● Data under study:

--------------------------------

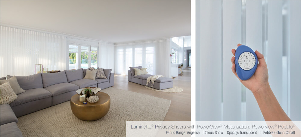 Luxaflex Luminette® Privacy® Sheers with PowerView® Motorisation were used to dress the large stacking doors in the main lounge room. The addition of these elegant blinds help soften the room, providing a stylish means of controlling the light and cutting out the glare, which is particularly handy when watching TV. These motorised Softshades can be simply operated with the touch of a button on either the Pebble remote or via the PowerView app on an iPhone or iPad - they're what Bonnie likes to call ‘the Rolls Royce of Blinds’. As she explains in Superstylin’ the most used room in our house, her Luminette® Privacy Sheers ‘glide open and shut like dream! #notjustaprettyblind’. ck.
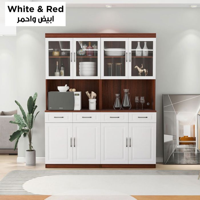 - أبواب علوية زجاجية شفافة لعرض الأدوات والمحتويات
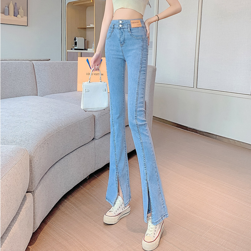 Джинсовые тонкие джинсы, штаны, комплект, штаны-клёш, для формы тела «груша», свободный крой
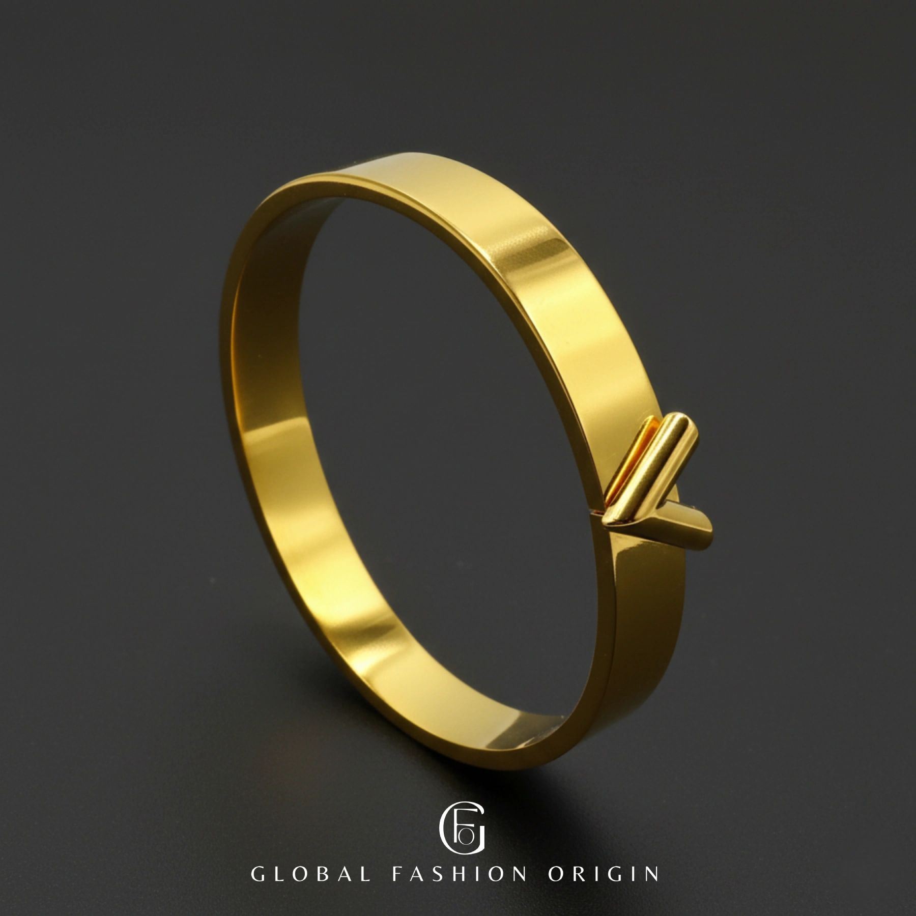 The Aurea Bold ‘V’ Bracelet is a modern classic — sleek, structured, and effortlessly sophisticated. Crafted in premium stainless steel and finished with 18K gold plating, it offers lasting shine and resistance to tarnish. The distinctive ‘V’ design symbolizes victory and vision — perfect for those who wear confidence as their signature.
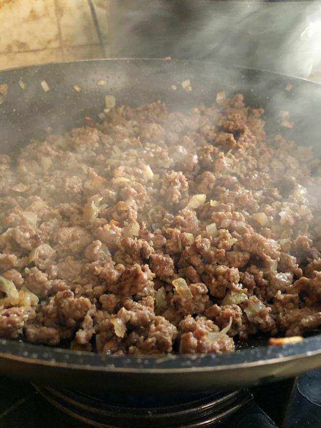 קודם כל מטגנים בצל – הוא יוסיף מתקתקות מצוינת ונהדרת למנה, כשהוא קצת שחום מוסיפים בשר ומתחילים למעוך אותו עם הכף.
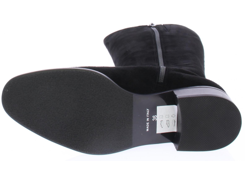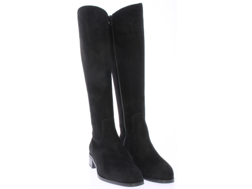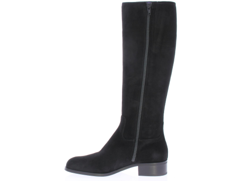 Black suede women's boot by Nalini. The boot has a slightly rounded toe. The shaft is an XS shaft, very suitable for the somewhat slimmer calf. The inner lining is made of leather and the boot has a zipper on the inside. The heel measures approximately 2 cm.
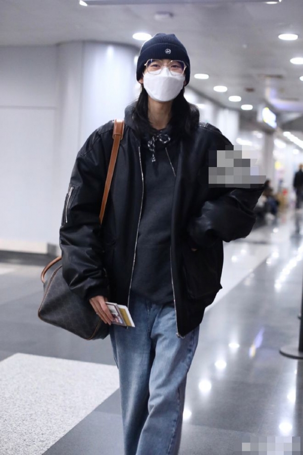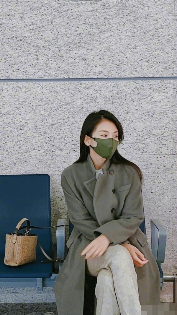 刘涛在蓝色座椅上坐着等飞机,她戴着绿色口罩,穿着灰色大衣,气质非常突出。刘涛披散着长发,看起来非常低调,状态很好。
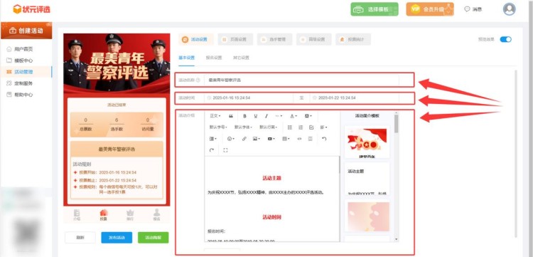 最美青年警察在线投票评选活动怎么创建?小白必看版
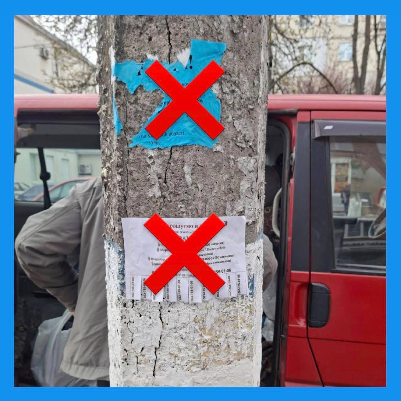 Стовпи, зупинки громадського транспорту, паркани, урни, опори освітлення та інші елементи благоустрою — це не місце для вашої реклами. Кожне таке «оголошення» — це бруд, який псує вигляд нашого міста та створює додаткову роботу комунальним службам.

--------------------------------

● Description of the task: Please write out exactly, and only, the lines from the beginning of the entries through the line containing "The Aurea Bold", including both and skipping all pictures.

● Written solution:
 Luxaflex Luminette® Privacy® Sheers with PowerView® Motorisation were used to dress the large stacking doors in the main lounge room. The addition of these elegant blinds help soften the room, providing a stylish means of controlling the light and cutting out the glare, which is particularly handy when watching TV. These motorised Softshades can be simply operated with the touch of a button on either the Pebble remote or via the PowerView app on an iPhone or iPad - they're what Bonnie likes to call ‘the Rolls Royce of Blinds’. As she explains in Superstylin’ the most used room in our house, her Luminette® Privacy Sheers ‘glide open and shut like dream! #notjustaprettyblind’. ck.
 - أبواب علوية زجاجية شفافة لعرض الأدوات والمحتويات
 Джинсовые тонкие джинсы, штаны, комплект, штаны-клёш, для формы тела «груша», свободный крой
 The Aurea Bold ‘V’ Bracelet is a modern classic — sleek, structured, and effortlessly sophisticated. Crafted in premium stainless steel and finished with 18K gold plating, it offers lasting shine and resistance to tarnish. The distinctive ‘V’ design symbolizes victory and vision — perfect for those who wear confidence as their signature.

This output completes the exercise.